Now, as highlighted at the outset, the CRB has voted against extending the 9.1-cent mechanical rate for the quick-approaching 2023-2027 stretch, the entity (and specifically Chief Judge Suzanne Barnett) relayed in a Federal Register that was published today.

Much of the verbose document charts the public comments formally submitted in opposition to the rate freeze by professionals including songwriter George Johnson, a longtime opponent of low mechanical royalties, and comments introduced in support of the measure. Johnson’s “objections tracked many of the negative comments by other parties who are not participants but who could be bound by the regulation,” the CRB said.

“Commenters assailed a lack of transparency in the settlement with regard to the memorandum of understanding (MOU),” the text reads. “They contended that there must be a hidden quid pro quo unrevealed in the proposed settlement or the Motion.

“In the dynamic music industry, there is insufficient reason to conclude that a static musical works rate is reasonable,” continues the CRB-penned analysis. “The determination rendered in 2008, with an effective date of 2006, cannot continue to bind the parties sixteen years later, absent sufficient record evidence that the status quo remains grounded in current facts and is a reasonable option.

“Since 2006, the retail marketplace for music has changed dramatically with regard to the Subpart B Configurations.

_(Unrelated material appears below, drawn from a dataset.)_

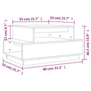 Ajoutez une touche d'élégance à votre décoration intérieure avec cette élégante table basse en bois. Bois de pin massif : le bois de pin massif est un matériau naturel magnifique. Le bois de pin a un grain droit et les nœuds donnent au matériau son aspect caractéristique et rustique.Cadre stable : le cadre en bois de la table d'appoint assure robustesse et stabilité.Grand espace de rangement : ce bout de canapé offre un grand espace de rangement pour garder vos essentiels bien organisés et à portée de main.Dessus spacieux : le dessus spacieux de la table de salon est parfait pour placer vos boissons, aliments et autres objets décoratifs. Remarque :Chaque produit est livré avec un manuel de montage dans la boîte pour un montage facile.

From 2006 to 2008 (and, indeed, in years prior) the Subpart B Configurations dominated the recorded music marketplace,” the piece communicates, proceeding to note the prominence of streaming (and the resurgence of vinyl) in the contemporary music industry.

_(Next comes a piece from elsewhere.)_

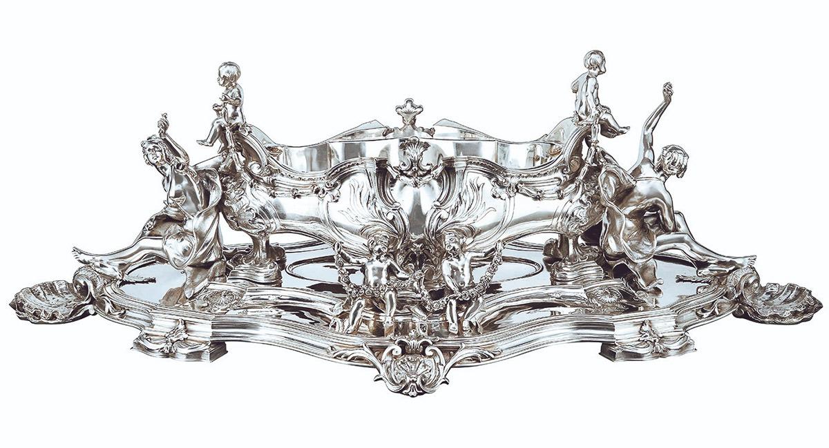 A Rococo-inspired centrepiece with cherubs and other motifs
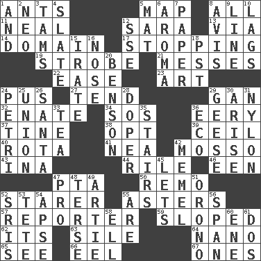 ACROSS 1. Pismires 5. Atlas unit 8. Everything 11. Anneal 12. "Two Mules for Sister ____" 13. By way of 14. Kingdom 17. Ceasing 19. Disco prop 21. Makes clutter 22. Comfort 23. Tate display 24. Purulenc 27. Watch over 29. Separate the seeds from cotton 32. Related on the mother's side 34. Distress signal 36. Suggestive of the supernatural 37. Prong on a fork 38. Elect 39. To provide with a ceiling 40. Roll call or roster of names 41. Teachers' org. 42. With motion or animation 43. _ tizzy (2 wds.) 44. Cause heat under the collar 46. Car or cant ending 47. Parent Teacher Assoc. 50. San ____ (Riviera town) 52. A viewer who gazes fixedly 55. Michaelmas daisies 57. News announcer 59. Inclined 62. ___ a Wonderful Life 63. Filth; sediment 64. Billionth: prefix 65. Observe 66. Snakelike fish 67. Washington bills DOWN 1. Plus 2. Modern: prefix 3. Scottish caps 4. Schedule 5. Floor protector 6. Scent 7. Some stationery 8. Opinion 9. Actor's bit 10. Straggles 12. Compass dir. 15. Feeling or showing extreme anger 16. Sense of smell 18. Pacific Standard Time (abbr.) 20. Gillaume's butler role 24. _ dish (used to culture cells) 25. The state of being joined or united 26. Before Barbara or Clara 28. Drug addict 29. Honkers 30. Originate 31. High-strength synthetic material 33. Beverage made from leaves 35. Flight of steps 36. Environmental prefix 42. Klaipeda city 45. Allows 47. Adept person 48. Laconic 49. Nick name for Arthur 51. U. of Maine site 52. Indian titles of respect 53. False hair 54. Domed church section 55. "We ___ not amused" (Victoria) 56. Connect, as a bridge 58. Pipe bend 60. Compass dir. 61. Two (Sp.)

“Even if the sales figures were otherwise, however, sixteen years at a static rate is unreasonable under the current record, if for no other reason than the continuous erosion of the value of the dollar by persistent inflation that recently has increased significantly,” specifies the document, acknowledging that a cost-of-living adjustment alone, applied retroactively from 2006, would up the mechanical rate to 12 cents.

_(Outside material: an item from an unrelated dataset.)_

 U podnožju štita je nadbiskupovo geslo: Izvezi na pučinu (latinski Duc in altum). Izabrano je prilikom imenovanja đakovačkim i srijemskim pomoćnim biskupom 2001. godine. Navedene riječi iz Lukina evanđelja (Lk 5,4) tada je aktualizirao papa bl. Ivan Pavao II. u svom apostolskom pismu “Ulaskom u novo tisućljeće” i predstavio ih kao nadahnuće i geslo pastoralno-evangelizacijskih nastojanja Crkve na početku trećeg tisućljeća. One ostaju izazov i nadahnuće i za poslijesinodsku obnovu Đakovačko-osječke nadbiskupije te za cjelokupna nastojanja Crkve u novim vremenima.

“The disparity between the static rate and the dynamic market is even more stark when considering the ‘controlled composition clause’ that contractually lowers the statutory rate by 25%. Add to that the record labels’ limit on album royalties to ten tracks, regardless of the number of songs actually included in each album. In other words, the statutory rate is not the effective rate record labels use in compensating songwriters and publishers.”

Lastly, regarding the CRB’s decision, the entity described as “a warning flag” the “vertical integration linking music publishers and record labels” and made clear in terms of the majors’ memorandum of understanding with the NMPA and the NSAI that “the contracting parties cannot hide changed application of a statutory rate scheme behind a ‘private contract’ when that contract has implications for non-contracting parties.

“The fact that this MOU is the fourth of its kind does not prove that it is appropriate or an acceptable corollary to the statutory rates set by this tribunal. Repetition alone does not make a practice advisable or fair. Nor does it indicate that the practice or its details are universally known and approved.

“The Judges find that the proposed settlement does not provide a reasonable basis for setting statutory rates and terms,” the explanation states towards its conclusion.

Responding to the CRB decision, Songwriters Guild of America president Rick Carnes said today: “This rejection, which we’ve been urging in our submissions to the CRB for well over a year, is crucial to the US and global music creator communities for at least two important reasons:

“1. First, this decision scuttles a very bad royalty deal proposed by the NMPA, the NSAI and the major music publishers with their own, affiliated major record companies; and

“2. Second, it eliminates a potential plan by digital music distributors like Spotify to have the CRB enact a similar freeze of royalty obligations to songwriters and composers. Both results could have been catastrophic to future music creator income.”